ACTIVITY: Ignoring the images, restate the records below word for word.
------ RECORDS SUPPLIED ------
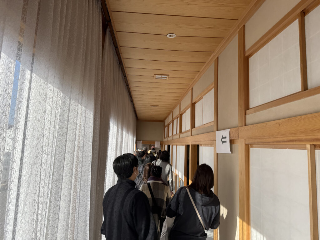 さて、ずっと蕎麦打ちを見ているのも楽しいですが、本題のおそばをいただきに列に並びます。会館の奥の通路に列が伸びていました。
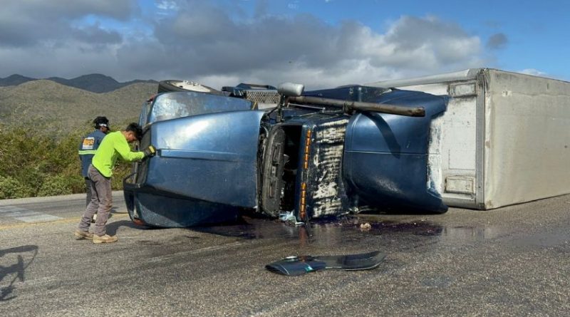 En esta vía es muy común ver estas escenas donde las gigantescas unidades se encuentran derribadas sobre el asfalto, pero a pesar de lo aparatoso que resulta la imagen, los conductores resultan ilesos, debido a que no conducen a exceso de velocidad tratando de sortear las fuertes rachas de viento.
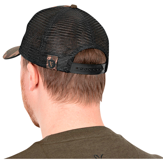 Kappe im Truckerstil. Mit schwarzem Gummidruck-Foxkopflogo. Farbe: Camotarn, Netz und Schirmunterseite schwarz.
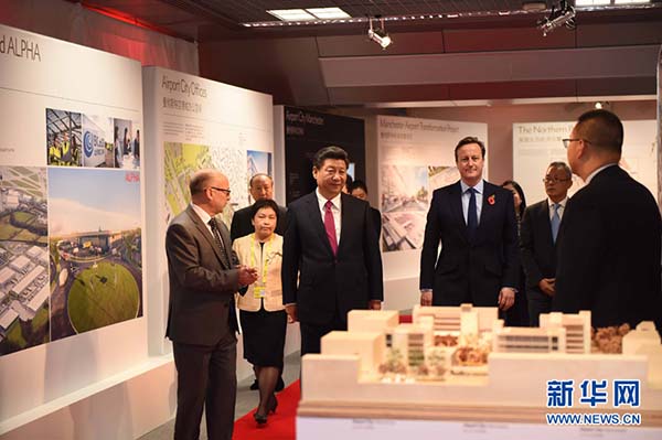 David Cameron e o presidente chinês Xi Jinping visitam a exibi??o de fotos dos planos de desenvolvimento do aeroporto de Manchester, a 23 de outubro de 2015.
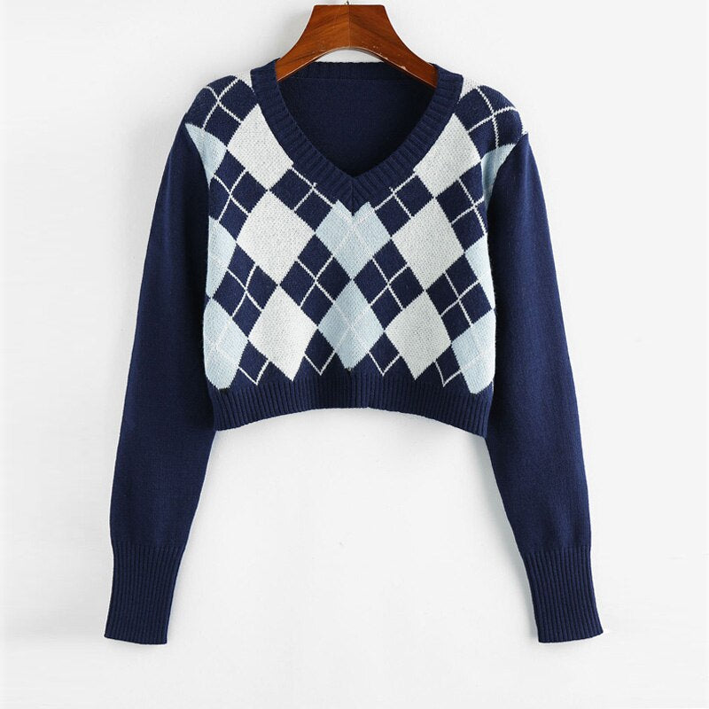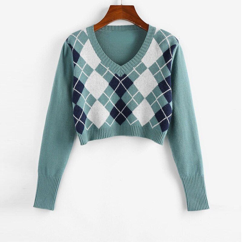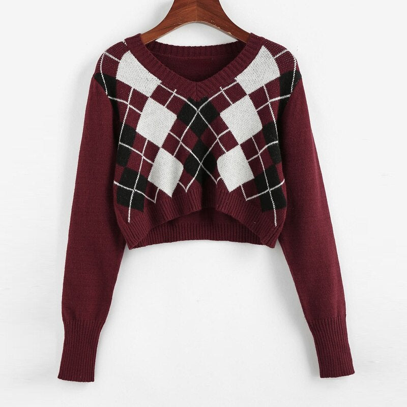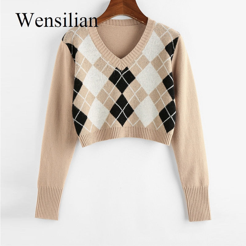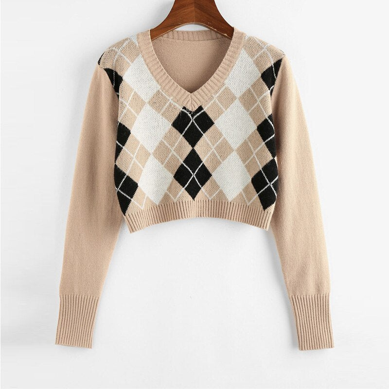 Cropped Argyle Sweater Women V Neck Long Sleeve Pullover Elegant Knit Sweater Top 2021 Fashion Za Style Autumn Jersey Mujer
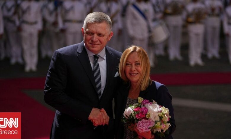 Η Ιταλίδα πρωθυπουργός Τζόρτζια Μελόνι συναντήθηκε το απόγευμα της Τρίτης (3/6) στην Ρώμη, με τον Σλοβάκο ομόλογό της Ρόμπερτ Φίτσο. Όπως αναφέρεται σε κοινό ανακοινωθέν, συζητήθηκε η ενίσχυση της διμερούς συνεργασίας, με ιδιαίτερη έμφαση στην άμυνα, στην ενέργεια και στην ασφάλεια.
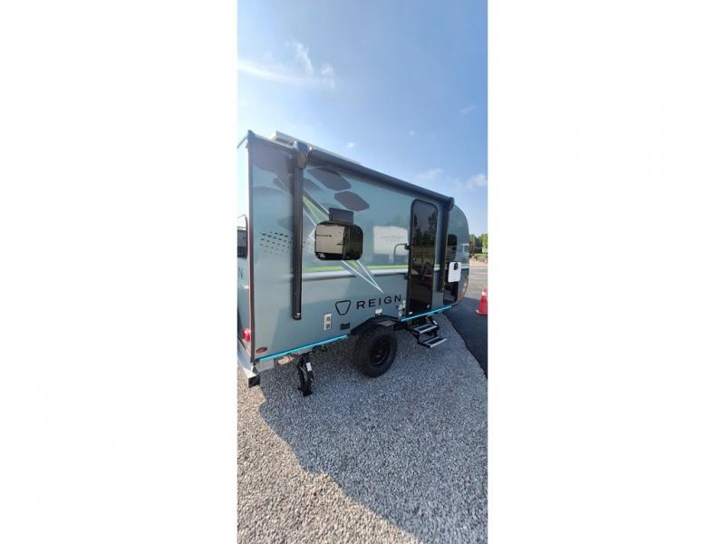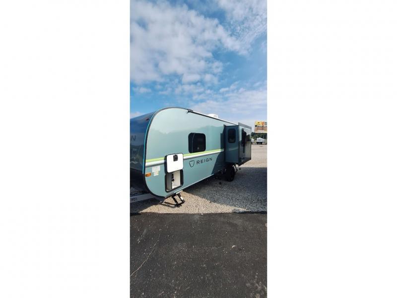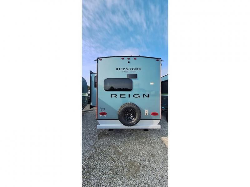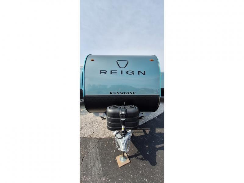The Reign travel trailers by Keystone are premium single-axle units that are sure to make an impression at the campground. Each one is built with an exclusive automotive-finished aluminum exterior, a walkable roof, and a 100% composite floor for added durability. There are also tinted safety glass windows, quick drop stabilizer jacks, and an exterior shower with hot and cold water. The European inspired interior design is unique and cozy, and the 78" interior height will give you plenty of space to move about. You will also enjoy the ultra bright LED light strip and solid surface countertops in the kitchen, along with blackout night shades, and many more interior comforts.
------
THE COMPLETED TASK:
 さて、ずっと蕎麦打ちを見ているのも楽しいですが、本題のおそばをいただきに列に並びます。会館の奥の通路に列が伸びていました。
 En esta vía es muy común ver estas escenas donde las gigantescas unidades se encuentran derribadas sobre el asfalto, pero a pesar de lo aparatoso que resulta la imagen, los conductores resultan ilesos, debido a que no conducen a exceso de velocidad tratando de sortear las fuertes rachas de viento.
 Kappe im Truckerstil. Mit schwarzem Gummidruck-Foxkopflogo. Farbe: Camotarn, Netz und Schirmunterseite schwarz.
 David Cameron e o presidente chinês Xi Jinping visitam a exibi??o de fotos dos planos de desenvolvimento do aeroporto de Manchester, a 23 de outubro de 2015.
 Cropped Argyle Sweater Women V Neck Long Sleeve Pullover Elegant Knit Sweater Top 2021 Fashion Za Style Autumn Jersey Mujer
 Η Ιταλίδα πρωθυπουργός Τζόρτζια Μελόνι συναντήθηκε το απόγευμα της Τρίτης (3/6) στην Ρώμη, με τον Σλοβάκο ομόλογό της Ρόμπερτ Φίτσο. Όπως αναφέρεται σε κοινό ανακοινωθέν, συζητήθηκε η ενίσχυση της διμερούς συνεργασίας, με ιδιαίτερη έμφαση στην άμυνα, στην ενέργεια και στην ασφάλεια.
The Reign travel trailers by Keystone are premium single-axle units that are sure to make an impression at the campground. Each one is built with an exclusive automotive-finished aluminum exterior, a walkable roof, and a 100% composite floor for added durability. There are also tinted safety glass windows, quick drop stabilizer jacks, and an exterior shower with hot and cold water. The European inspired interior design is unique and cozy, and the 78" interior height will give you plenty of space to move about. You will also enjoy the ultra bright LED light strip and solid surface countertops in the kitchen, along with blackout night shades, and many more interior comforts.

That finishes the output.